Using a field name as a parameter

I had several subroutines that were all the same except for an arrayselectedbuild statement. I thought I would consolidate them into one subroutine. But I need to use different fields for the arrayselectedbuild. I thought the best way to do this was to use another parameter in the calling statement. Such as:

callwithin myMiniProcedures,NewAutoEntry,"Fender","Item"

The field name is - Item - ,without the dashes. The second parameter (“Item”) being the field name I want to use in the arrayselectedbuild. I first tried,

arrayselectedbuild lvMyArray, ¶,"",parameter(2)

which didn’t work. I’ve tried many other ways, but no joy.

I finally worked around the problem by using a few “if” statements, like

if parameter(2) = "Item" 
arrayselectedbuild lvMyArray, ¶,"",Item
endif

But I doubt that is the most efficient way.

Is there a way to use a parameter directly in the arryselectedbuild statement?

That gave you an array filled with the text Item, right?

The last parameter of the arrayselectedbuild statement is a formula. A single field name is a valid formula, so using the field name like this works fine:

arrayselectedbuild lvMyArray, ¶,"",Item

In this case, the formula itself is: Item

But when you try to use parameter(2) as the formula, the formula is, literally, parameter(2), not Item. Sure, the result of the formula parameter(2) IS Item, but arrayfilter is using the formula itself, not the result of the formula. It takes the literal text of the formula, in this case parameter(2), and runs it over and over again for each selected record in the database. But what you want is to run the formula Item over and over again.

There are a couple of ways to do this. One would be to use the execute statement, like this:

execute {arrayselectedbuild lvMyArray, ¶,"",}+parameter(2)

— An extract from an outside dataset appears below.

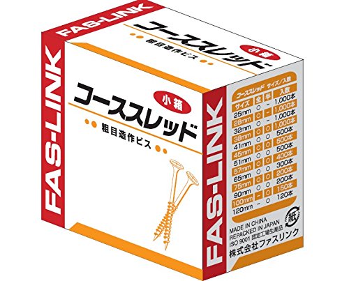 ファスリンク コーススレッド小箱は、サイズ3.8X32mmの高品質な木ネジです。耐久性に優れ、様々な木材や建材に対応。DIYやプロの施工に最適です。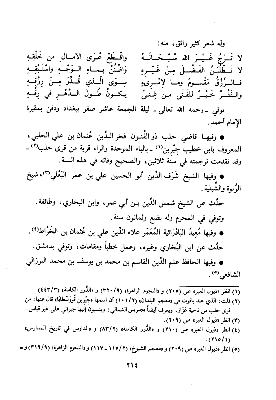 [4] انظر «ذيول العبر» ص (210) و «الدّرر الكامنة» (2/ 83) و «الدارس في تاريخ المدارس» (1/ 215) .

What’s happening here is that the code we need, with the formula Item, is being constructed on-the-fly and then run immediately. In Panorama 6 this would have been the only way to solve this problem. But in Panorama X we can take advantage of the fact that the arrayselectedbuild( function takes the formula as a text parameter.

lvMyArray = arrayselectedbuild(¶,"",parameter(2))

Notice that the last parameter of the arrayselectedbuild( function IS NOT QUOTED. Usually you want to quote this formula because you are literally including it in the code. But in this case, the formula itself is calculated by a formula, so you don’t want to use quotes.

Unfortunately this has a bit of a “who’s on first?” feel to it, but if you walk thru it slowly hopefully it will all make sense.

Exactly.

Jim, thank you for your explanation and answer. I thought the best I could get was the answer—but you walked me through everything—that is so great! I even understand most of it. (I think!) Thanks to you (and others like you) this forum is absolutely wonderful!